Jakoubek became insensed by Chelc̄icky̍'s "obstinacy" and in A.D. 1420, when Emperor Sigismund declared war which Pope Martin V seconded by proclaiming a crusade against "the Wyclefites, Hussites, and other heretics, their furtherers, harbourers, and defenders," the masters of the University fully endorsed Jakoubek's thomistic sanction of the "just war." It was on this occasion that Peter parted with the Calixtine leaders.32

On both sides, papal and Hus site, war became not only outwardly but also ideologically a crusade.33 Hussitism was transformed into a reincarnation, as it were, of the primitive Hebrew concept of the Warrior Nation fighting the battles of its War God Yahweh. It was quick, violent and single-minded as are all true mass revolutions under which the old order crumbles to dust. And it was a crusade for Yahweh. For "a revolution always has this in common with a crusade that it is fought not under but against the authority of the prince. A war fought primarily for the defense of an ideal tends to be a crusade, especially if that ideal is religious".34

Hussitism proclaimed with the old Hosts of the Lord: Against violence of evil forces set violence for the good.
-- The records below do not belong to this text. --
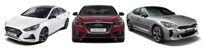 왼쪽부터 쏘나타 뉴라이즈, G80스포츠, 스팅어. <사진=현대자동차그룹>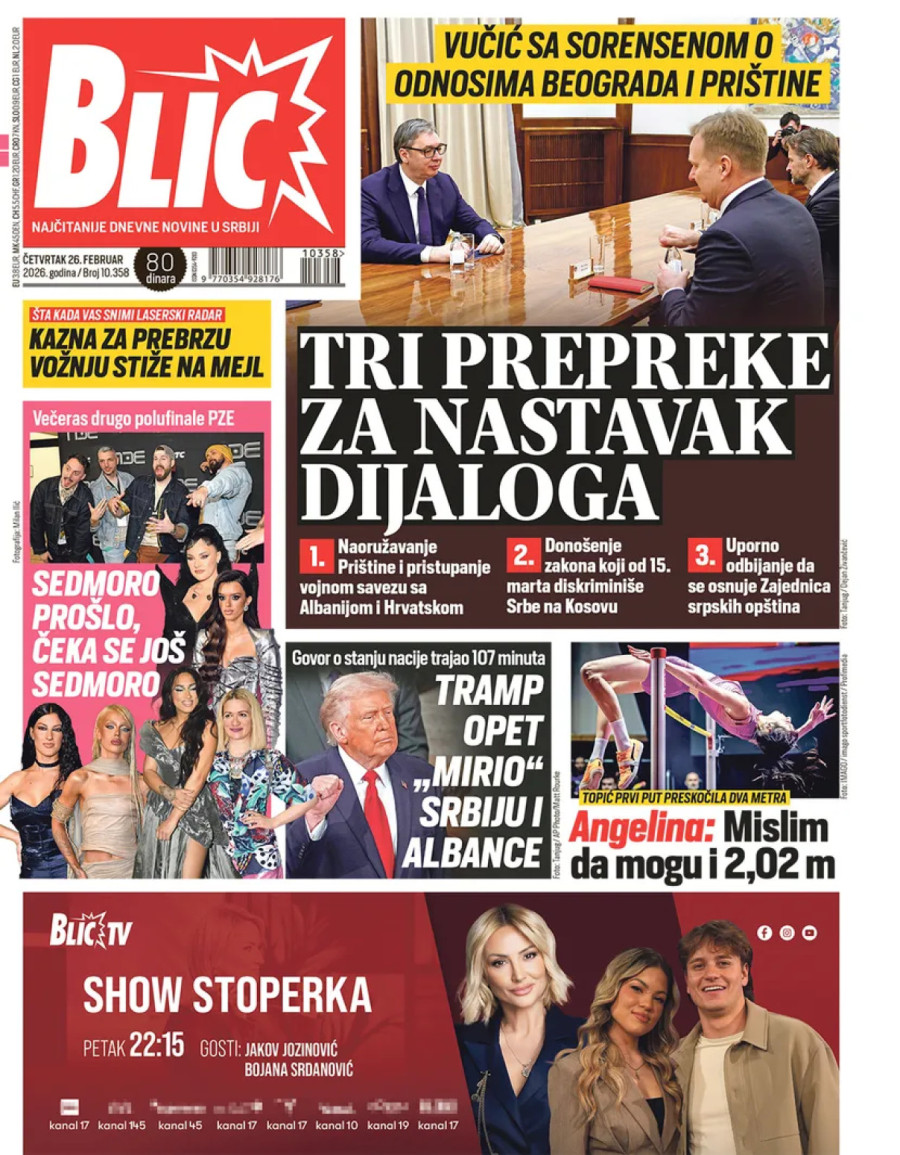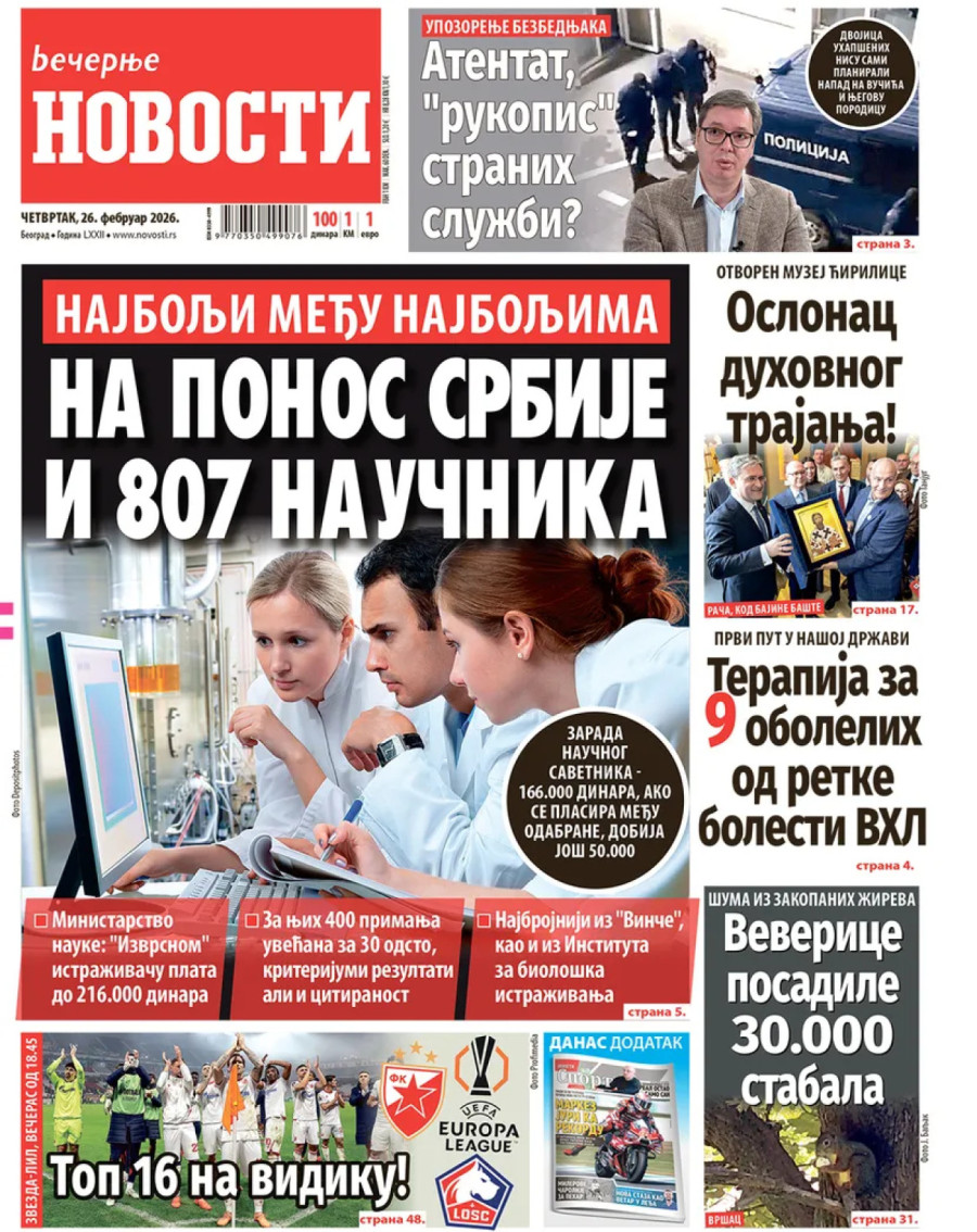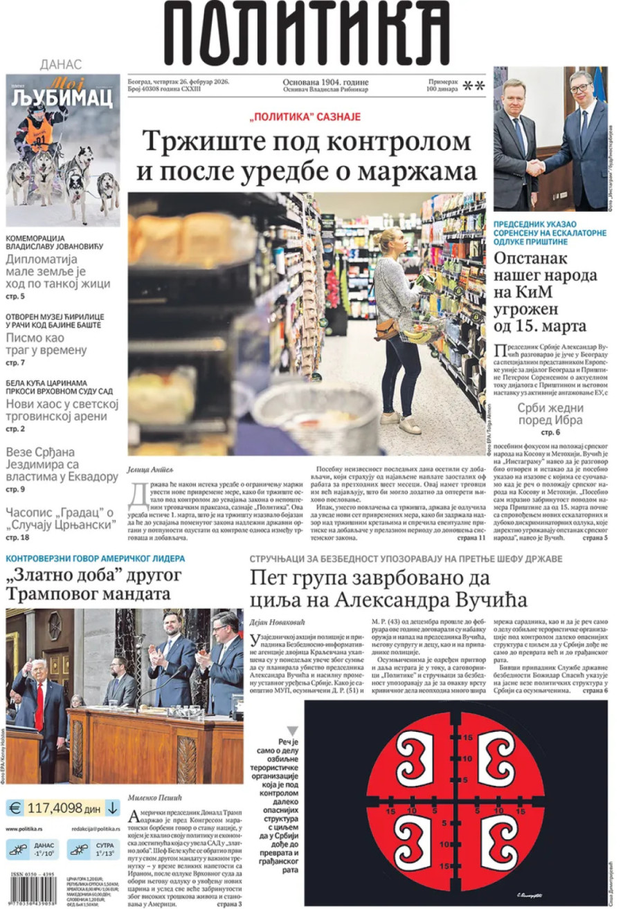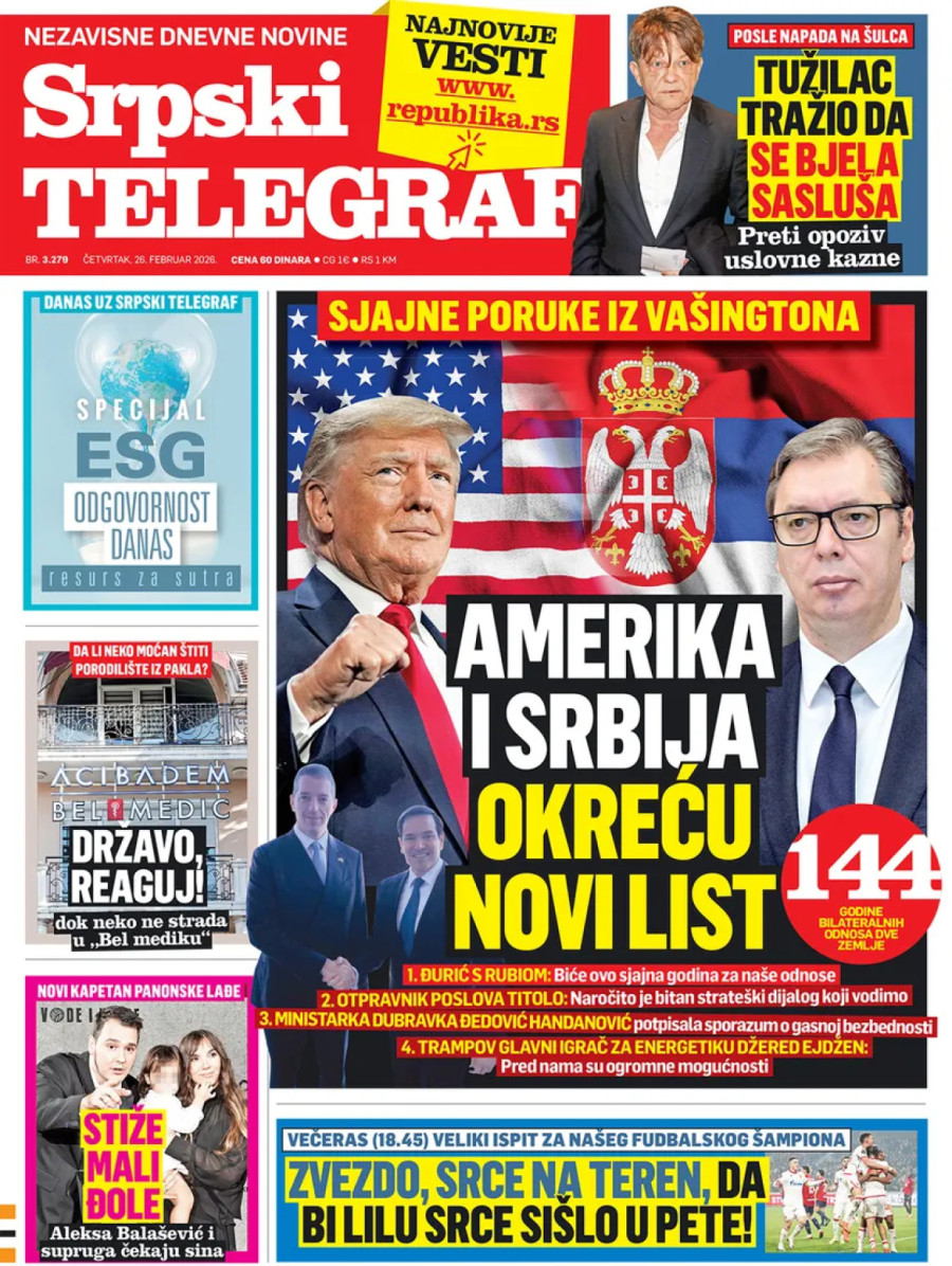 Dnevne novine u Srbiji za četvrtak, 26. februar 2026. godine na naslovnim stranama najavljuju brojne aktuelne društveno-političke teme i donose ekskluzivne priče.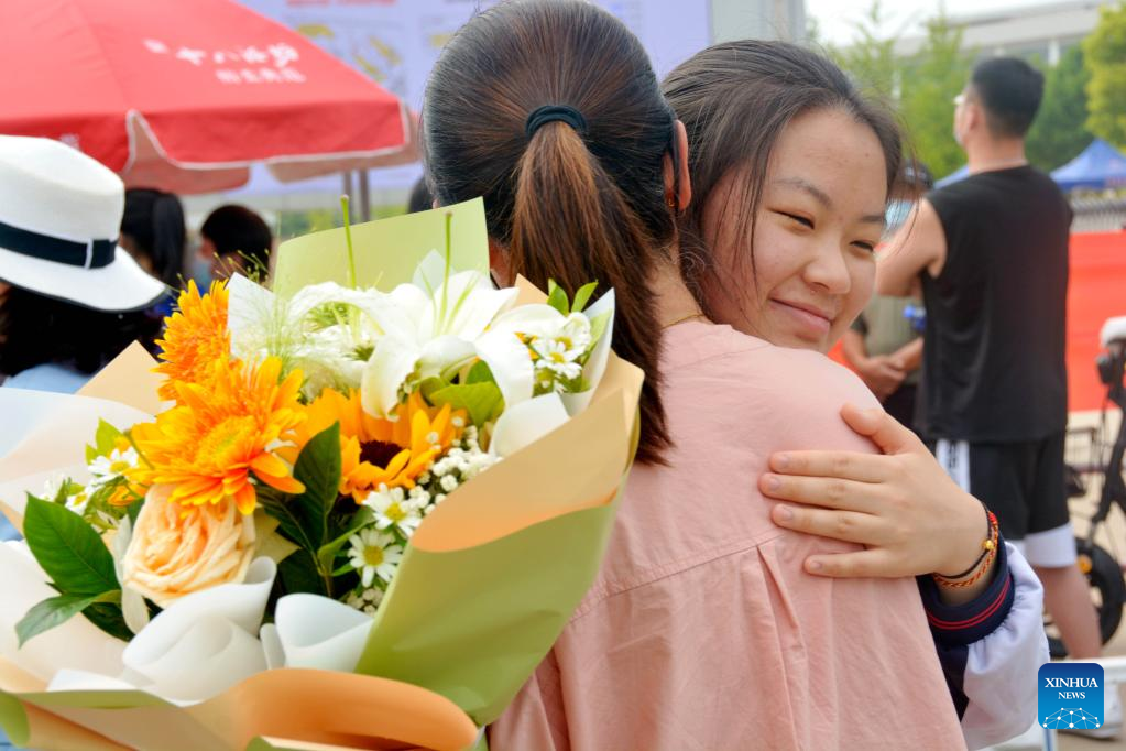 An examinee (L) receives a bunch of flowers from her parent out of an exam site of national college entrance exam in Changsha, central China's Hunan Province, June 9, 2022. The annual exam, better known as the "gaokao," saw a record 11.93 million candidates signing up this year. (Xinhua/Chen Sihan)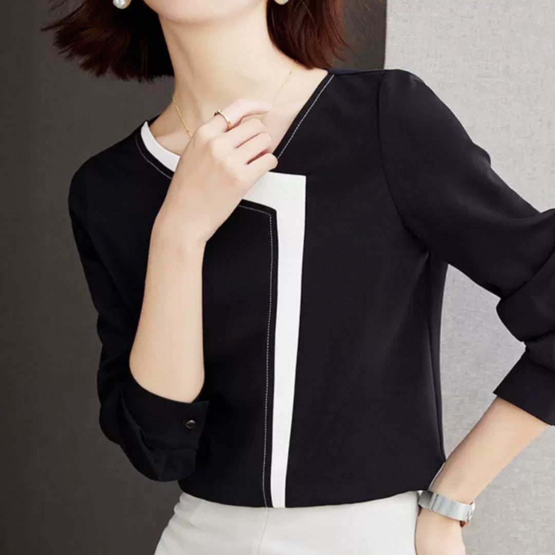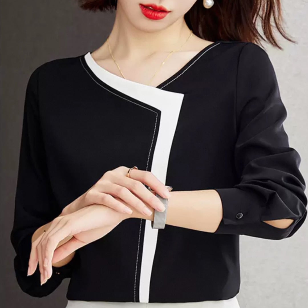 鎖骨が上品に見える胸元のカッティングが素敵な一枚。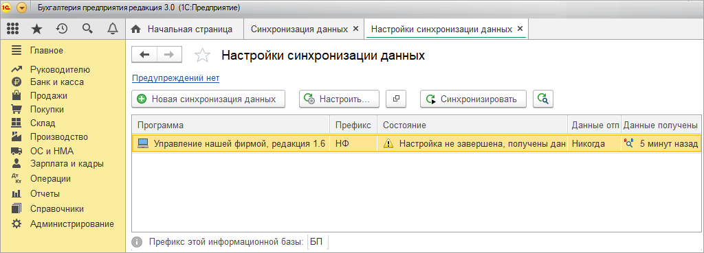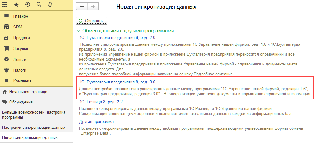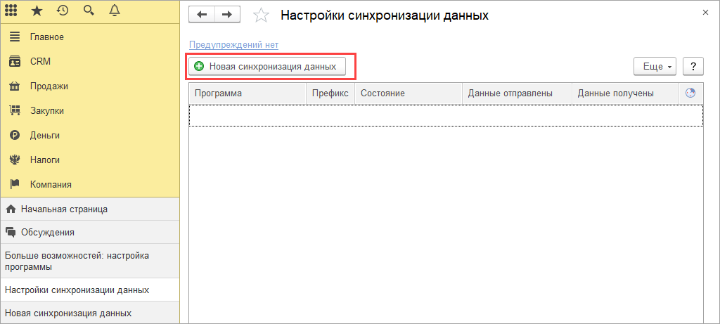 Для начала создайте новую настройку: Настройки синхронизации данных – Новая синхронизация данных.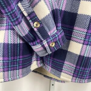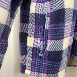 Cozy plaid jacket with sherpa lining. Features a stylish purple and black check pattern.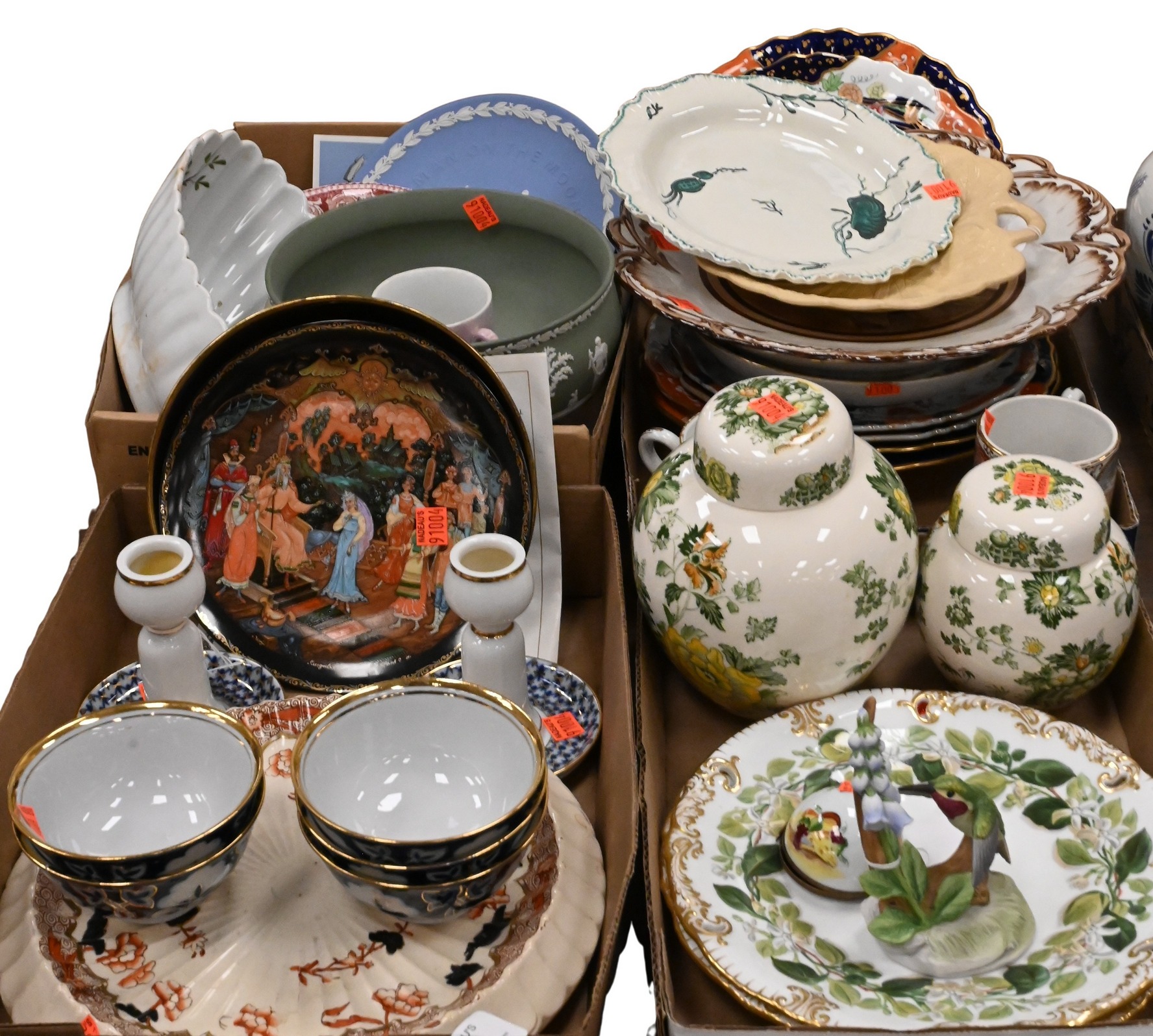 Empire Works Stoke on Trent platter of “Ruben’s” (diameter 13 inches) five Russian bowls, two Imperial Russian candlesticks, green Wedgewood cameo compote, Limoges trinket box with cheese platter, Coalport/Spode Imari plates etc…

An eye for an eye! The name of Jesus the Prince of Peace was sung by the thousands of warriors of Hussite columns with a fervor almost unheard of for fourteen hundred years, and the hands of the same people were still warm and red from the blood of the enemies of the Law of God:

So then, archers and lancers of knightly orders,
Halberdiers and scourge-bearers of all ranks,
Remember the generous Lord,
Fear no enemies and disregard their numbers.
Have your Lord alone in your hearts,
Fight with Him and for Him,
And never flee before the enemy!. . .
Shout joyously the war cry:
"Onward ho! Up and at them!"
Hold firm your weapons and cry:
God is our Lord!"35

Chelčický has realized with more penetrating insight than any other reformer the necessity for the Church of Christ of resisting identification with any organized company of people, that is, of being in a strict sense the fellowship of the Holy Spirit, the living spring of Christian life. With prophetic perception he revealed and denounced the Hussite tendency of identifying Christianity, the cause of Christ, with the cause of the Czech nation. He saw that to the iniquity of a crusade they added the curse of nationalism. This nationalism began with a sense of exclusion, of "manifest destiny," and ended with a desire for domination.36

The fusion of the "sour ferment of nationalism" with the "new wine of democracy" in the "old bottles of tribalism," to use Toynbee's terminology, produced amazing immediate results. The Hussites, under the remarkable leadership of the war lord Z̄iz̄ka37 (who shares with the Timurid Emperor Babur of Northern India38 the dubious honor of inventing the fortified chariot which anticipates our modern tank), defeated the Imperial Crusaders' international brigades in two bloody battles near Prague.39

Peter Chelc̄icky̍'s spiritual maturity and greatest intellectual activity coincides with these years of Czech military glory. The Hussite armies were fighting victoriously against almost all European nations40; the fear and fame of these 'warriors of God' were so great that by the mere singing of their anthem41 they drove away the strong forces of crusaders sent against them (Julian Cesarini, the Papal Legate who later became famous at the Council of Basel, being at one occasion in such a hurry that he lost his purple mantle, his crucifix, and the pontifical bull, near Domaz̄lice). Chelc̄icky̍ remained unswayed by the elation of the other Czechs joyously marching to the tune of their martial hymn, thinking they were establishing the Kingdom of God on earth. He severed his connection both with the masters of the Prague University and with the Taborites, and retired to his farm in Chelc̄ice. He chilled the enthusiasm of the Hussites by telling them they were not a whit better than common murderers. To Z̄iz̄ka's fighters as well as to the University's scholars his Christian protest sounded like a discordant note in the martial strains of their anthem. Yet this did not deter Peter: he set himself apart from the national revolution and from the great struggles within the Hus site movement, concentrating all his efforts on the purification of the spiritual revolution started by John Hus. After his withdrawal to Chelc̄ice he began his life mission to "enshrine his thoughts in works which rank among the most precious treasures of Czech literature."42 In all of them, regardless of their topic, he kept on reminding the followers of Hus that they cannot bring about the Kingdom of Heaven as long as a hell of hatred burned within their hearts.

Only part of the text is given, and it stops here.